YOUR OBJECTIVE> Please output all of the entries exactly and omit any images they hold.

EXTRACTED INFORMATION>
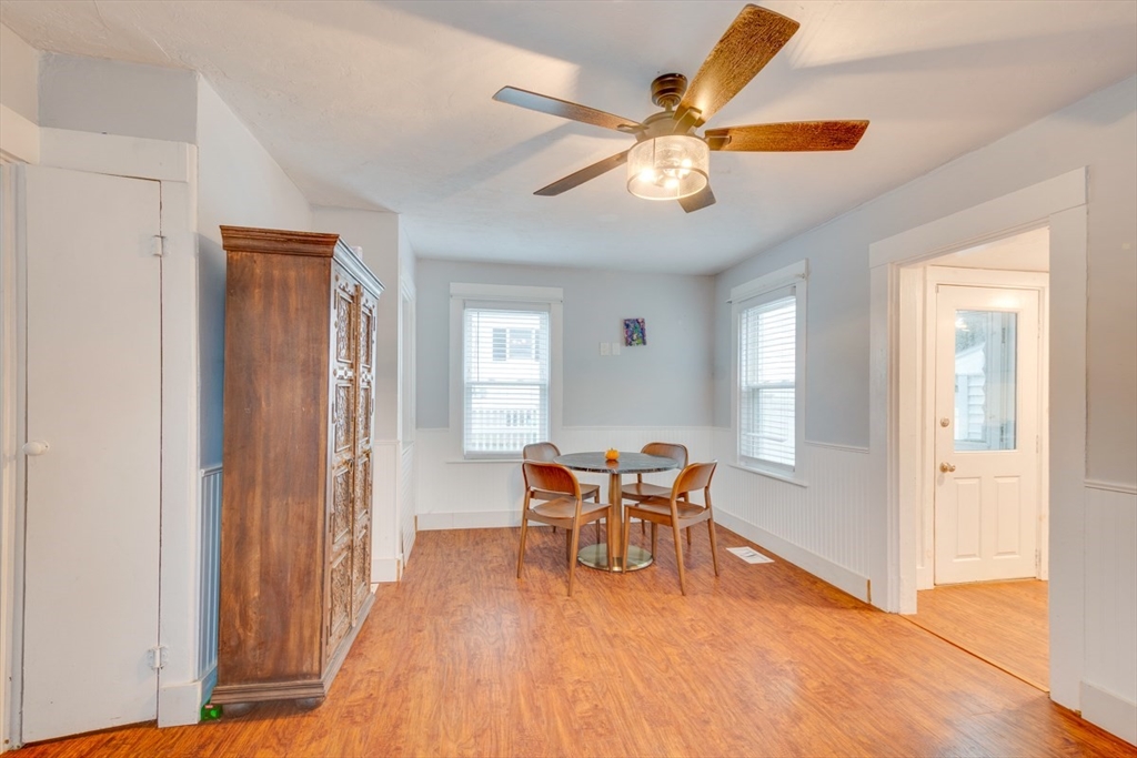 Welcome to 277 Prospect Street in Norwood, MA – a thoughtfully updated and well-maintained home offering comfort, style, and convenience. The refreshed kitchen features stainless steel appliances, updated countertops, classic cabinetry, and a subway tile backsplash, with easy access to a fenced-in, level yard complete with a deck and storage shed. The elegant dining room includes built-in shelving and space for a sitting area, while the spacious front living room leads to a stylish wood staircase. Upstairs, two bright and generously sized bedrooms are complemented by a renovated full bath with a tiled shower and modern square sink. A convenient half bath with stackable laundry is located on the first floor. Additional highlights include gas heat, a tankless hot water heater, central air on the main level, and mini-split systems upstairs. Located near local schools, Norwood Center, and the commuter rail, this home offers the perfect blend of modern living and prime location.
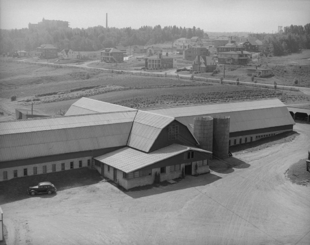 Groupe et annexe sur la ferme de l'Hôpital Saint-Vallier à Chicoutimi., 1949, Archives nationales à Québec, Fonds Ministère de la Culture et des Communications, (03Q,E6,S7,SS1,D2,P70607), Omer Beaudoin.
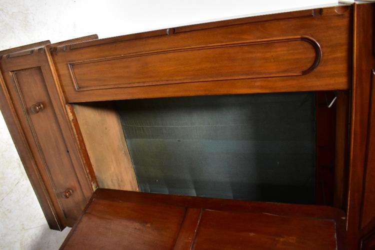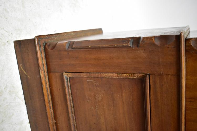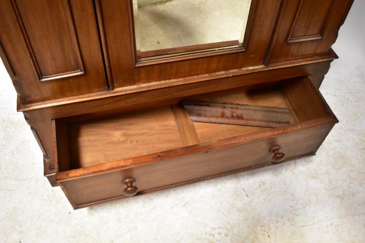 Lot 52 of 1095: An early 20th century mahogany wardrobe, the arched pediment above single mirrored door set with arched bevelled plate and flanked by pair of panelled trims, above a single drawer to plinth base, 210 x 123 x 45cm (af).
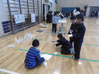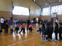 2月5日に1年生が支援ボランティア12名の協力を得て、伝承遊び体験を行いました。竹馬・こま・竹とんぼ・おはじき・折り紙・あやとり・けん玉などをおじいさんやおばさんに教えてもらいながら体験しました。 |
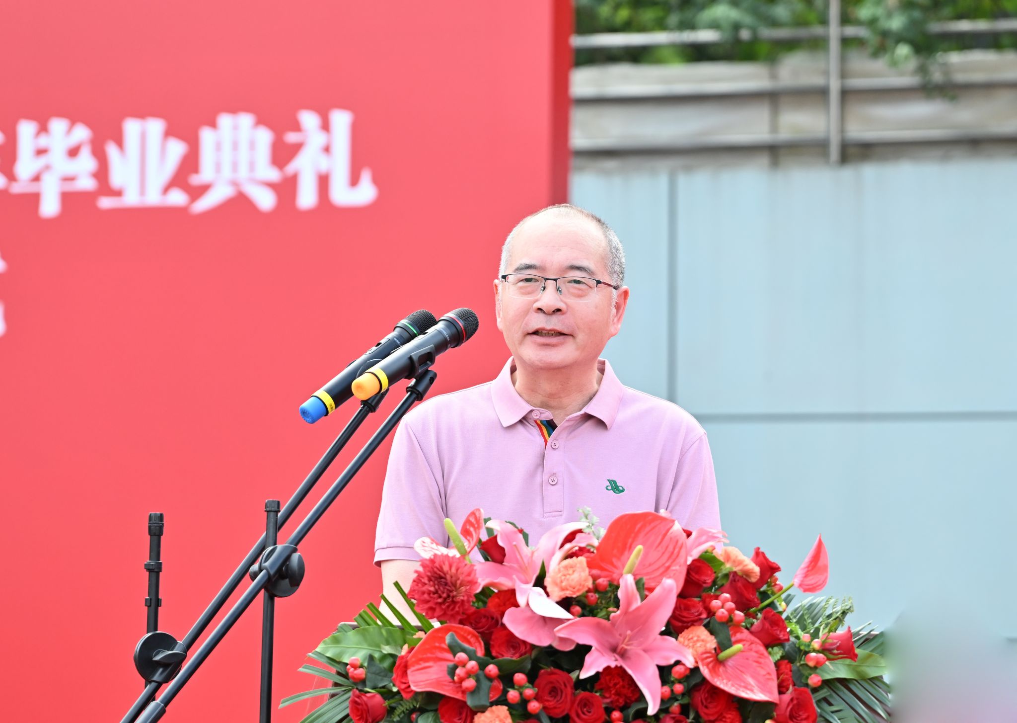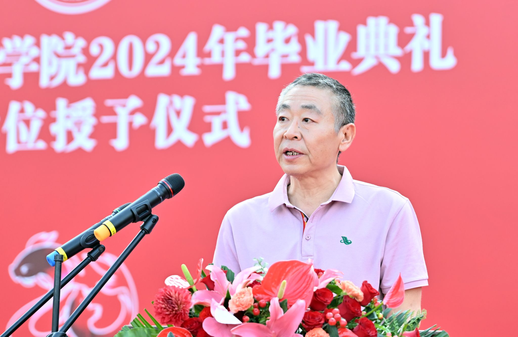 校长吴永桥发表致辞。他代表全校师生员工为毕业生送上了最热烈的祝贺和最美好的祝福,并高度赞扬了过去四年间同学们在就业深造、西部计划、学科竞赛、自主创业等领域取得的优异成绩。面对即将开启人生新篇章的毕业生们,吴永桥提出四点希望与毕业生共勉:一是希望同学们以“立德”为舵,锚定前行的航向,把人生之路走正。将个人的理想追求融入党和国家事业之中,坚定不移地听党话、跟党走,争做有理想、敢担当、能吃苦、肯奋斗的新时代好青年;二是希望同学们以“乐学”为帆,厚积前行的动力,把人生之路走远;三是希望同学们以“笃行”为桨,发出前行的航线,把人生之路走实;四是希望同学们以“日新”为体,赋能前行的速度,把人生之路走快。积极主动拥抱未来、掌握新技术、运用新技术,为新质生产力插上腾飞的翅膀。
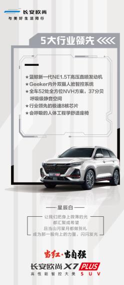 近日,长安欧尚X7PLUS产品配置首次全面曝光,新车全系标配新一代蓝鲸NE系列发动机,并推出1.5T+6MT和1.5T+7DCT两种动力组合共计9款车型,“星灿红、星辰白、星际灰、碧空蓝、丹青蓝、星空蓝”6种车身配色可选。作为长安欧尚首款PLUS旗舰产品,长安欧尚X7PLUS以“五大行业领先、五大同级领先、五大行业首创、五大全系标配”的高价值配置,将树立“15万级SUV价值新标杆“,新车将于8月27日正式预售。 五大行业领先,塑造旗舰新标杆 在用车体验上长安欧尚X7PLUS拥有五大行业领先的高价值配置:蓝鲸新一代NE1.5T 高压直喷发动机、Geeker内外双摄人脸智控系统、全车52处综合NVH方案,37分贝呼吸级静音空间、行业领先的极速8核芯片、会呼吸的人体工程学舒适座椅。 其中,蓝鲸新一代NE1.5T高压直喷发动机为长安欧尚X7PLUS注入的强劲动力,匹配“蓝鲸7速湿式双离合变速箱”组成的黄金动力组合,表现出最大功率138kW,最大扭矩300N·m的动力输出,高效动力让其相较于同级车型有着极为明显的优势,在不久前长安欧尚X7PLUS“性能开箱封测”中,该车表现出了8.23s零百加速、38.57m百零制动距离的最佳成绩,在高速环道测试中还跑出214 km/h的最高时速。
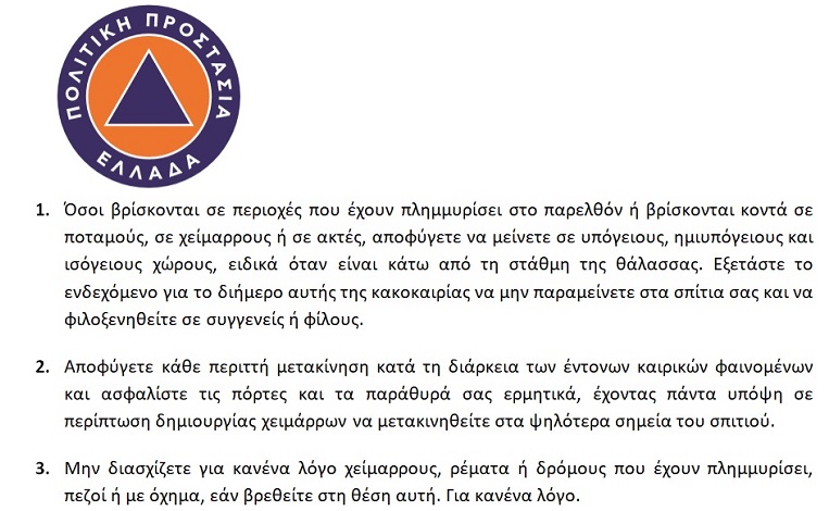 1. Αποφεύγουμε να μείνουμε σε υπόγειους, ημιυπόγειους και ισόγειους χώρους. Εξετάζουμε το ενδεχόμενο το διήμερο αυτό να μετακινηθούμε σε σπίτια συγγενών ή φίλων.
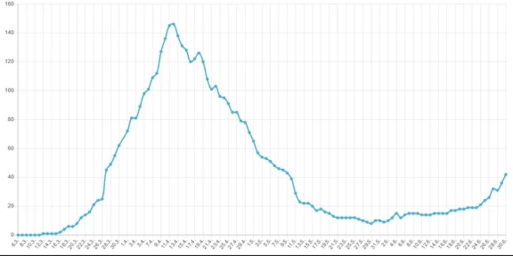 Ovo je najveći broj osoba na respiratorima još od 29. aprila, kada ih je bilo 78, dok lekari kao jedan od najcrnjih dana pamte 12. april kada je na ove aparate u bolnicama širom Srbije bilo priključeno 146 osoba.
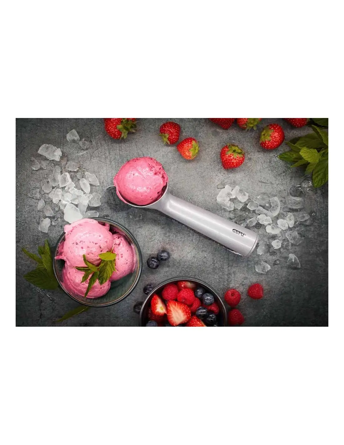 Poręczna łyżka do lodów PALLINA umożliwi zrobienie idealnej gałki z lodów i sorbetów owocowych. Gałkownica pokryta jest aluminium, dzięki czemu pochłania szybciej ciepło, niż zimno, więc poradzi sobie nawet z najbardziej zamarzniętymi lodami. Łyżka posiada szeroki, ergonomiczny uchwyt.
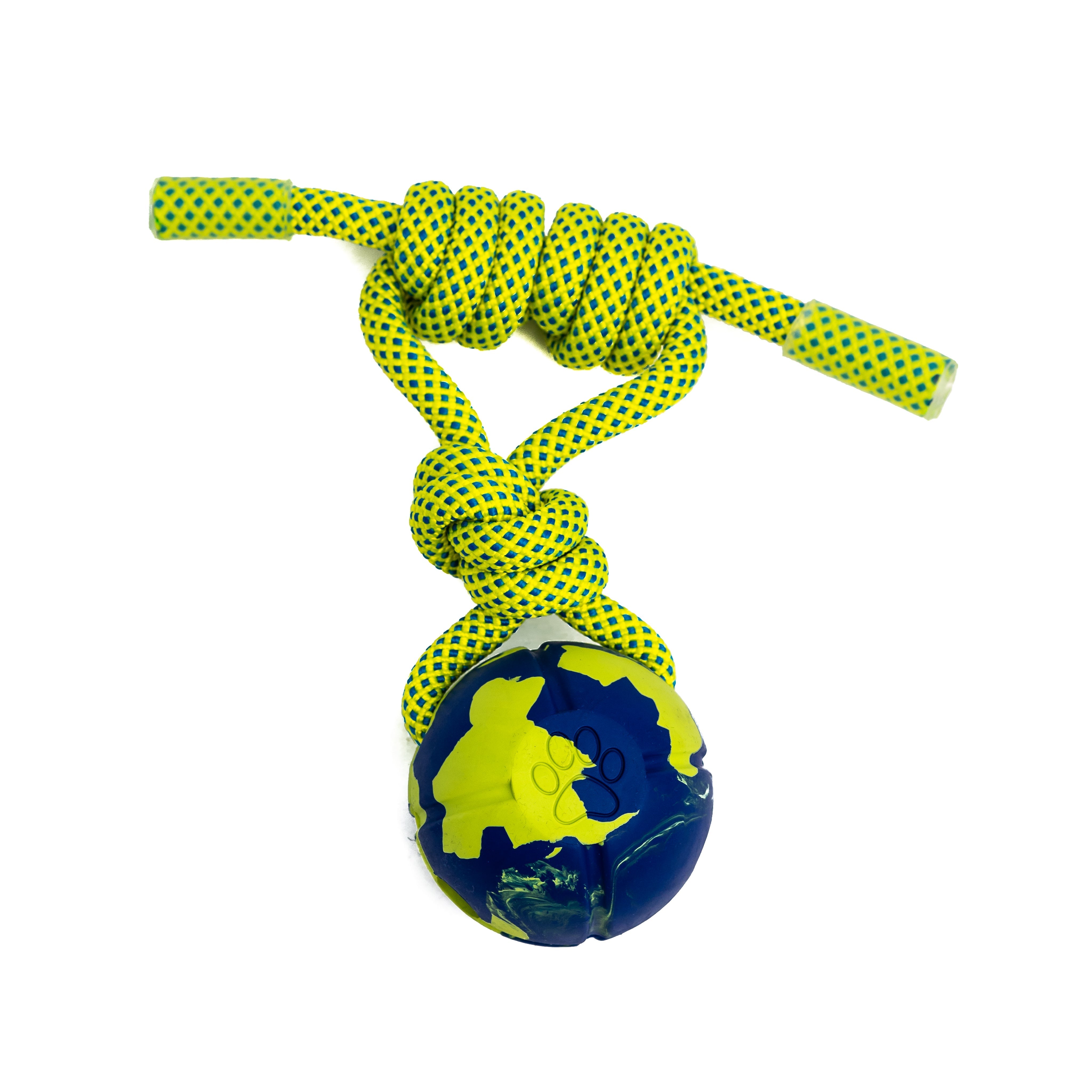 The ball is made from natural rubber, which is non-toxic and very durable. Natural rubber is a raw material produced from latex, an organic substance extracted from the sap of various species of trees. The string is made from durable nylon rope with end coverings.
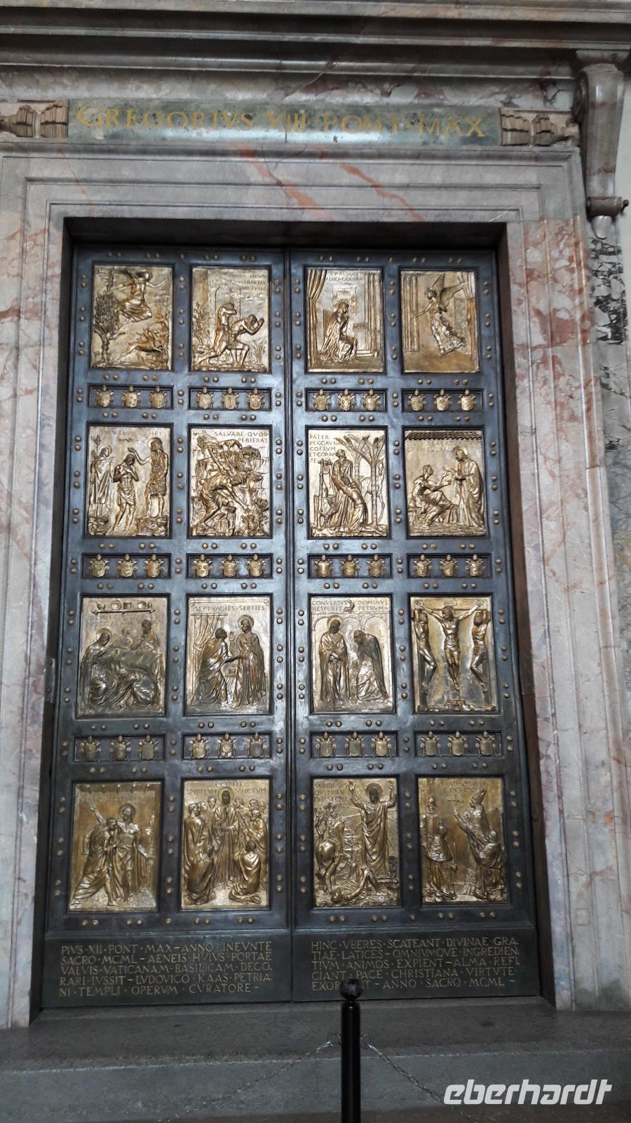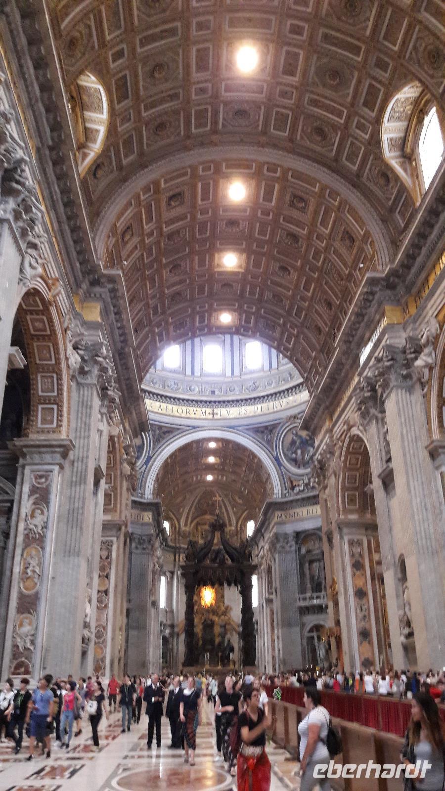 Nach diesem krönenden Abschluss der Vatikanischen Museen gehen wir noch mit Sylvia - vorbei an der „Porta Santa" (sie ist nur zu Beginn eines Heiligen Jahres geöffnet), in den PETERSDOM. Der Innenraum, nahezu 190m lang, ist reich an unzähligen Meisterwerken - er hat 45 Altäre und 11 Kapellen und besteht aus drei Schiffen, einem Querschiff von 137,5m Breite und einer 136,5m hohen Kuppel. Überall findet man Papststatuen und Grabmäler. Am meisten fasziniert mich immer wieder, die „Pieta" von Michelangelo, sie ist so schön, so ergreifend!
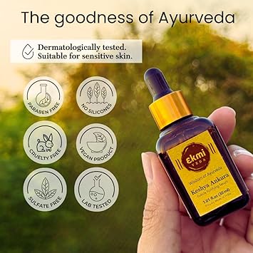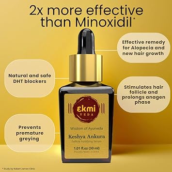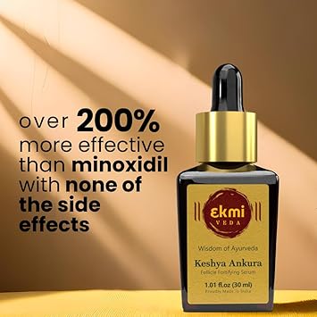 Introducing Ekmiveda's Overnight - Keshya Ankura Follicle stimulating serum (1.01 fl.oz, 30 ml). Infused with Rosemary, Licorice Root with plant-based Redensyl and Capila Longa prolong anagen phase and reactivate follicles while inhibiting DHT production. Blend of ayurvedic hebs such as Brahmi, Bringraj promote scalp health and hair follicles, and Amla nourishes the hair shaft leading to fuller and thicker hair over time. Best holiday hair care product for holistic scalp and hair nourishment. Great choice for gifting as well.
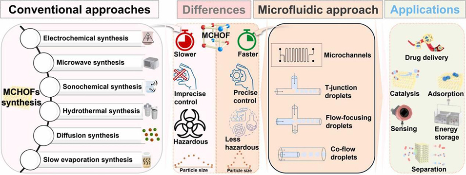 金属有机框架(MOFs)、共价有机框架(COFs)和氢键有机框架(HOFs)(统称MCHOFs)在催化、药物递送、分离和吸附等领域应用广泛。然而,传统合成方法存在动力学缓慢、反应条件控制不精确、产物粒径分布宽及重复性差等问题。微流控合成作为一种绿色高效的替代方案,能精确控制反应条件和产物性能,显著缩短合成时间至分钟级,并减少废物生成。

TASK RESPONSE>
 Welcome to 277 Prospect Street in Norwood, MA – a thoughtfully updated and well-maintained home offering comfort, style, and convenience. The refreshed kitchen features stainless steel appliances, updated countertops, classic cabinetry, and a subway tile backsplash, with easy access to a fenced-in, level yard complete with a deck and storage shed. The elegant dining room includes built-in shelving and space for a sitting area, while the spacious front living room leads to a stylish wood staircase. Upstairs, two bright and generously sized bedrooms are complemented by a renovated full bath with a tiled shower and modern square sink. A convenient half bath with stackable laundry is located on the first floor. Additional highlights include gas heat, a tankless hot water heater, central air on the main level, and mini-split systems upstairs. Located near local schools, Norwood Center, and the commuter rail, this home offers the perfect blend of modern living and prime location.
 Groupe et annexe sur la ferme de l'Hôpital Saint-Vallier à Chicoutimi., 1949, Archives nationales à Québec, Fonds Ministère de la Culture et des Communications, (03Q,E6,S7,SS1,D2,P70607), Omer Beaudoin.
 Lot 52 of 1095: An early 20th century mahogany wardrobe, the arched pediment above single mirrored door set with arched bevelled plate and flanked by pair of panelled trims, above a single drawer to plinth base, 210 x 123 x 45cm (af).
 2月5日に1年生が支援ボランティア12名の協力を得て、伝承遊び体験を行いました。竹馬・こま・竹とんぼ・おはじき・折り紙・あやとり・けん玉などをおじいさんやおばさんに教えてもらいながら体験しました。 |
 校长吴永桥发表致辞。他代表全校师生员工为毕业生送上了最热烈的祝贺和最美好的祝福,并高度赞扬了过去四年间同学们在就业深造、西部计划、学科竞赛、自主创业等领域取得的优异成绩。面对即将开启人生新篇章的毕业生们,吴永桥提出四点希望与毕业生共勉:一是希望同学们以“立德”为舵,锚定前行的航向,把人生之路走正。将个人的理想追求融入党和国家事业之中,坚定不移地听党话、跟党走,争做有理想、敢担当、能吃苦、肯奋斗的新时代好青年;二是希望同学们以“乐学”为帆,厚积前行的动力,把人生之路走远;三是希望同学们以“笃行”为桨,发出前行的航线,把人生之路走实;四是希望同学们以“日新”为体,赋能前行的速度,把人生之路走快。积极主动拥抱未来、掌握新技术、运用新技术,为新质生产力插上腾飞的翅膀。
 近日,长安欧尚X7PLUS产品配置首次全面曝光,新车全系标配新一代蓝鲸NE系列发动机,并推出1.5T+6MT和1.5T+7DCT两种动力组合共计9款车型,“星灿红、星辰白、星际灰、碧空蓝、丹青蓝、星空蓝”6种车身配色可选。作为长安欧尚首款PLUS旗舰产品,长安欧尚X7PLUS以“五大行业领先、五大同级领先、五大行业首创、五大全系标配”的高价值配置,将树立“15万级SUV价值新标杆“,新车将于8月27日正式预售。 五大行业领先,塑造旗舰新标杆 在用车体验上长安欧尚X7PLUS拥有五大行业领先的高价值配置:蓝鲸新一代NE1.5T 高压直喷发动机、Geeker内外双摄人脸智控系统、全车52处综合NVH方案,37分贝呼吸级静音空间、行业领先的极速8核芯片、会呼吸的人体工程学舒适座椅。 其中,蓝鲸新一代NE1.5T高压直喷发动机为长安欧尚X7PLUS注入的强劲动力,匹配“蓝鲸7速湿式双离合变速箱”组成的黄金动力组合,表现出最大功率138kW,最大扭矩300N·m的动力输出,高效动力让其相较于同级车型有着极为明显的优势,在不久前长安欧尚X7PLUS“性能开箱封测”中,该车表现出了8.23s零百加速、38.57m百零制动距离的最佳成绩,在高速环道测试中还跑出214 km/h的最高时速。
 1. Αποφεύγουμε να μείνουμε σε υπόγειους, ημιυπόγειους και ισόγειους χώρους. Εξετάζουμε το ενδεχόμενο το διήμερο αυτό να μετακινηθούμε σε σπίτια συγγενών ή φίλων.
 Ovo je najveći broj osoba na respiratorima još od 29. aprila, kada ih je bilo 78, dok lekari kao jedan od najcrnjih dana pamte 12. april kada je na ove aparate u bolnicama širom Srbije bilo priključeno 146 osoba.
 Poręczna łyżka do lodów PALLINA umożliwi zrobienie idealnej gałki z lodów i sorbetów owocowych. Gałkownica pokryta jest aluminium, dzięki czemu pochłania szybciej ciepło, niż zimno, więc poradzi sobie nawet z najbardziej zamarzniętymi lodami. Łyżka posiada szeroki, ergonomiczny uchwyt.
 The ball is made from natural rubber, which is non-toxic and very durable. Natural rubber is a raw material produced from latex, an organic substance extracted from the sap of various species of trees. The string is made from durable nylon rope with end coverings.
 Nach diesem krönenden Abschluss der Vatikanischen Museen gehen wir noch mit Sylvia - vorbei an der „Porta Santa" (sie ist nur zu Beginn eines Heiligen Jahres geöffnet), in den PETERSDOM. Der Innenraum, nahezu 190m lang, ist reich an unzähligen Meisterwerken - er hat 45 Altäre und 11 Kapellen und besteht aus drei Schiffen, einem Querschiff von 137,5m Breite und einer 136,5m hohen Kuppel. Überall findet man Papststatuen und Grabmäler. Am meisten fasziniert mich immer wieder, die „Pieta" von Michelangelo, sie ist so schön, so ergreifend!
 Introducing Ekmiveda's Overnight - Keshya Ankura Follicle stimulating serum (1.01 fl.oz, 30 ml). Infused with Rosemary, Licorice Root with plant-based Redensyl and Capila Longa prolong anagen phase and reactivate follicles while inhibiting DHT production. Blend of ayurvedic hebs such as Brahmi, Bringraj promote scalp health and hair follicles, and Amla nourishes the hair shaft leading to fuller and thicker hair over time. Best holiday hair care product for holistic scalp and hair nourishment. Great choice for gifting as well.
 金属有机框架(MOFs)、共价有机框架(COFs)和氢键有机框架(HOFs)(统称MCHOFs)在催化、药物递送、分离和吸附等领域应用广泛。然而,传统合成方法存在动力学缓慢、反应条件控制不精确、产物粒径分布宽及重复性差等问题。微流控合成作为一种绿色高效的替代方案,能精确控制反应条件和产物性能,显著缩短合成时间至分钟级,并减少废物生成。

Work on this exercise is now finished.